Maar waarom worden de medicijndoses voor oudere patiënten verlaagd?
Verminderd medicijn klaring kan het gevolg zijn van de natuurlijke achteruitgang van de nierfunctie met de leeftijd, zelfs als er geen nierziekte is [2]. groter medicijn opslagreservoirs en afgenomen klaring verlengen medicijn halfwaardetijden en leiden tot verhoogd plasma medicijn concentraties bij ouderen.

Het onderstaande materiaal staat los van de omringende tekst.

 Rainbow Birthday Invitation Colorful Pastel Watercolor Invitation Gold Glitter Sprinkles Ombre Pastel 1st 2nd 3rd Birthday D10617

Welke fysiologische veranderingen beïnvloeden de farmacokinetiek van geneesmiddelen bij oudere volwassenen?
Farmacokinetische veranderingen omvatten een verlaging van de nier- en leverklaring en een toename van het distributievolume van oplosbare lipiden verdovende middelen (vandaar verlenging van de eliminatiehalfwaardetijd) terwijl farmacodynamische veranderingen veranderde (meestal verhoogde) gevoeligheid voor verschillende klassen van verdovende middelen zoals anticoagulantia,
Aanbevolen:
Welke factoren beïnvloeden het herstel van zacht weefsel?
De besproken factoren zijn onder meer zuurstofopname, infectie, leeftijd en geslachtshormonen, stress, diabetes, zwaarlijvigheid, medicijnen, alcoholisme, roken en voeding. Een beter begrip van de invloed van deze factoren op herstel kan leiden tot therapieën die de wondgenezing verbeteren en beschadigde wonden oplossen
Waarom is het lichaamsbeeld waarschijnlijk vervormd in de adolescentie, welke factoren beïnvloeden deze verkeerde perceptie?

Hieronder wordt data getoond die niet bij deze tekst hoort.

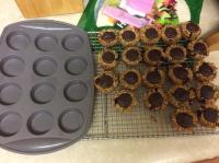 A hit with the kids. Squished tablespoons of the mixture into little shallow silicone mould things I have. Added cranberries into the mix. Then pressed a dark chocolate melt button ontop of each one. These turned out quite crumbly, so I'm not too sure how you would go cutting a slice without it disintegrating, very happy I did the individual moulds. Delicious.

Vervorming en ontevredenheid over het lichaamsbeeld kunnen een verband vormen tussen overgewicht en obesitas, aangezien overmatige preoccupatie met het uiterlijk en het niet-aflatende streven naar het perfecte, slanke lichaam negatieve gevoelens en devaluatie kan veroorzaken, resulterend in verandering in het eetgedrag, leidend tot overgewicht of de ontwikkeling
Welke factoren beïnvloeden het creatininegehalte?

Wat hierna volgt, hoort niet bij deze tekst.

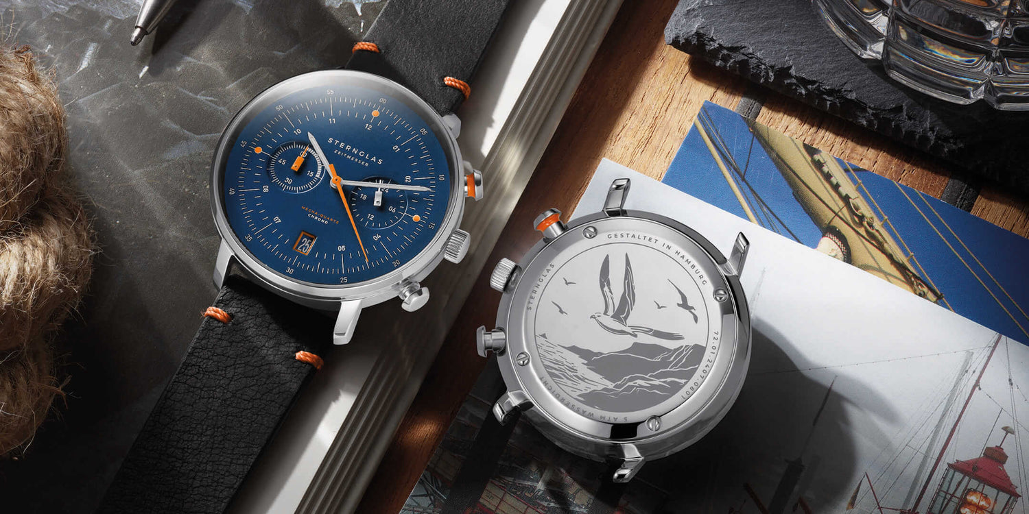 Die Hamburg endlich auch als Chronograph mit Mecha-Quartz Uhrwerk. Maritimes Design mit fließendem Stoppuhrzeiger, Luminova und einer aufregenden Gravur auf der Rückseite.

Enkele van de oorzaken van hoge creatininespiegels zijn: Chronische nierziekte. Delen op Pinterest Intensief sporten kan leiden tot een verhoogd creatininegehalte. Nier obstructie. uitdroging. Verhoogde consumptie van eiwitten. Intensieve oefening. bepaalde medicijnen
Welke factoren beïnvloeden het hartminuutvolume?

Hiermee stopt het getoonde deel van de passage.